Flow Cytometry Core
The Rhode Island Hospital Stem Cells and Aging (SCA) COBRE Flow Cytometry Core function is to provide high quality, cost effective, state-of-the art flow cytometry and multiparameter cell sorting instrumentation and associated expertise and services to all investigators in the SCA COBRE and to the general research community in Rhode Island.
COBRE Flow Cytometry Core Staff and Services
The core is staffed by Mark Dooner.
Mark Dooner directs and manages the core and serves as operator for the BD Biosciences Influx cell sorter and LSRII. An advisor is available to the investigators in experimental design and data interpretation.
The core has had experience with a variety of different flow cytometry applications and protocols and will work with both experienced and novice investigators to help plan and execute successful flow cytometry experiments.
The Rhode Island Flow Cytometry Facility is in the Coro West Building, 5th Floor, Suite 5.08A, One Hoppin Street, Providence.
|Instrument or Service||Price|
|LSRII assisted or outside users||$65/hour|
|Influx cell sorting||$75/hour|
|Training (LSRII) 1 hour||$50|
Facility Oversight and Contact Information
All first-time users must contact Mark Dooner to discuss their project and to set up a user account. Every effort will be made to accommodate sorting requests in a timely manner. Booking in advance is recommended.
Please note SCA COBRE projects and pilot projects will be given priority.
Mark Dooner, COBRE Flow Cytometry Core, Rhode Island Hospital
Flow Cytometry Core Equipment
BD Biosciences Influx Cell Sorter
- Five laser system (355nm, 405nm, 488nm, 561nm and 638nm) for simultaneous detection of up to 14 parameters.
- Sorts up to 4 different cell populations.
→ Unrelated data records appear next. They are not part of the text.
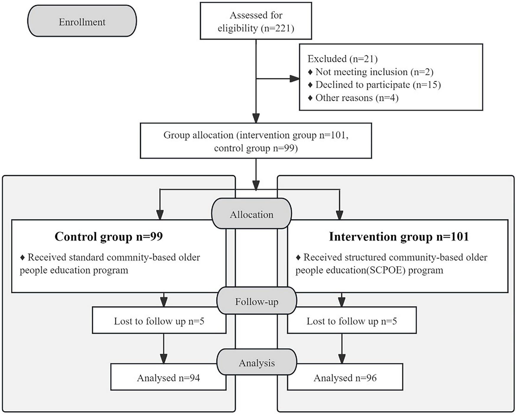 A consecutive sample of 221 third-year undergraduate nursing students enrolled in community nursing courses at a university in China was recruited between February and September 2023. Participants were divided into two groups based on their course enrolment: those taking Community Nursing A were assigned to the intervention group receiving the Structured Community-Based Older People Education Program (SCOPE), while those taking Community Nursing B formed the control group receiving the Standard Community-Based Older People Education Program. Eligibility screening was conducted according to predefined inclusion and exclusion criteria. Inclusion criteria were Enrolment in Semester 5–6 (year 3) of the Bachelor of Science in Nursing (BSN) program; completion of prerequisite courses: Fundamentals of Nursing I-II (Semesters 2–3); Health Assessment Practice (Semester 3); Medical/Surgical Nursing I (Semester 4); Active registration in Community Nursing A (intervention group) or B (control group); Provision of written informed consent. Exclusion criteria were: Documented mental health conditions or communication impairments affecting community practice; Academic suspension or withdrawal during the study period; and refusal to provide participation consent.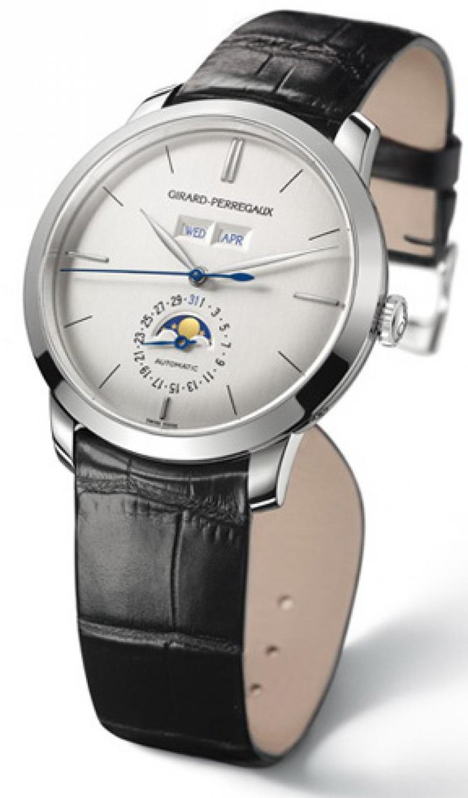 Швейцарские часы Girard-Perregaux Girard-Perregaux 1966 Full Calendar 49535-79-152-BK6A. Швейцарские часы Girard Perregaux - это олицетворение долголетнего мастерства наилучших швейцарских часовщиков. На сегодняшний день наручные часы Girard Perregaux сидят на запястьях многих популярных личностей. Часы Girard Perregaux - это комбинация уникального дизайна и сложных механизмов; они созданы для истинных ценителей традиций, качества и стиля. Удобные, точные, надежные, с четко читаемыми знаками, часы этой серии безупречно служат владельцу и при повседневной носке, и в экстремальных ситуациях. Первой компанией, выпустившей в серийное производство наручные часы (как альтернативу карманным часам), является швейцарский бренд Girard-Perregaux. Собственно под этой торговой маркой в 80 годы XIX в. была создана большая серия наручных часов для военно-морских сил Германии. На сегодняшний день швейцарские часы Girard Perregaux – особенное сочетание дизайна моделей и механизмов. Girard Perregaux предназначены не для всех, а для истинных ценителей, которые четко осознают, чем является качество, традиции и стиль. Бренд Girard Perregaux обладает столетним опытом в часовой индустрии. Быстро, после создания, компания Girard Perregaux стала популярной, выпустив в жизнь наручные часы с плоским корпусом. Издавна, да и по сей день, все детали швейцарских часов Girard Perregaux скрупулезно проверяются на всех этапах сборки. Большинство моделей часов Girard Perregaux персонализированы, они изготовлены для истинных ценителей высокой часовой моды.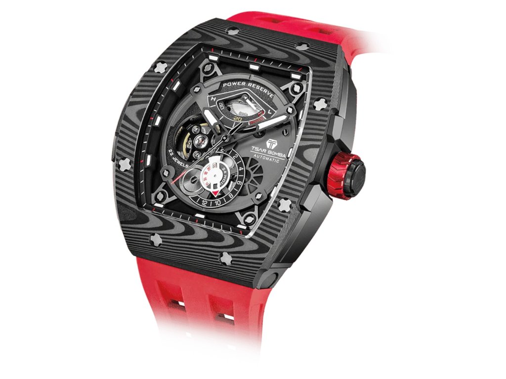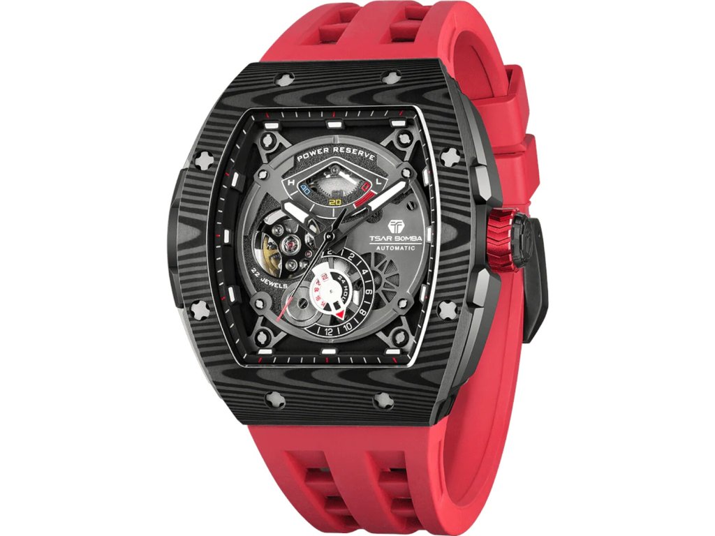 Společenské || Elegantní Tsar Bomba TB8210CF2-03 Elemental Carbon Fiber Automatic 45mm 5ATM na Vás zapůsobí mimo jiné i svým nadčasovým vzhledem. červená barva řemínku a klasická spona jsou již pouhou tečkou za dokonalostí tohoto modelu.| Kategorie: | Pánské hodinky |

- Capable of single cell deposition into many different sized culture plates (96 or 384 well plates, etc).
- Equipped with a small particle objective for FSC size determination down to 0.5 µm.
- Enclosed in a biosafety hood.
The sorter separates particles on the detection of fluorescent markers on particles such as cells, chromosomes, bacteria or nuclei.
Then the collected cells are suitable for downstream analysis either in molecular applications like protein assays and PCR, or used in viable assays such as tissue culture or injected into in vivo models.
Generated data may also be used to determine percentages of interrogated populations. The sorter can separate populations into tubes (1.5ml, 4ml, 15ml, 50ml), multi-well plates (6, 24, 48, 96, 384), or directly onto microscope slides.
Nanosight Nanoparticle Counter
- Examines size, size distribution and concentration.
- Fluorescent adapter for extracellular vesicles (EVs) surface receptor studies.
- Able to control for microvesicle number in experiments, and possibly identify subpopulations of EVs based on surface receptors
- Particles are illuminated using a laser through a prism, and light scatter is captured on a CCD camera.
- Nanoparticle tracking analysis (NTA) – direct and real-time visualization and analysis of nanoparticles in liquids, and calculate the size, size distribution and concentration of the particles. Brownian motion of nanoparticles is analyzed using the Stokes-Einstein equation.
BD Biosciences LSRII Analyzer/Flow Cytometer
- Digital, 4 laser (355nm, 405nm, 488nm and 635nm) flow cytometric analysis system with 10 fluorescent channels plus 2 scatter channels.
- BD FACSDiva software with digital compensation and ModFit software for cell cycle analysis.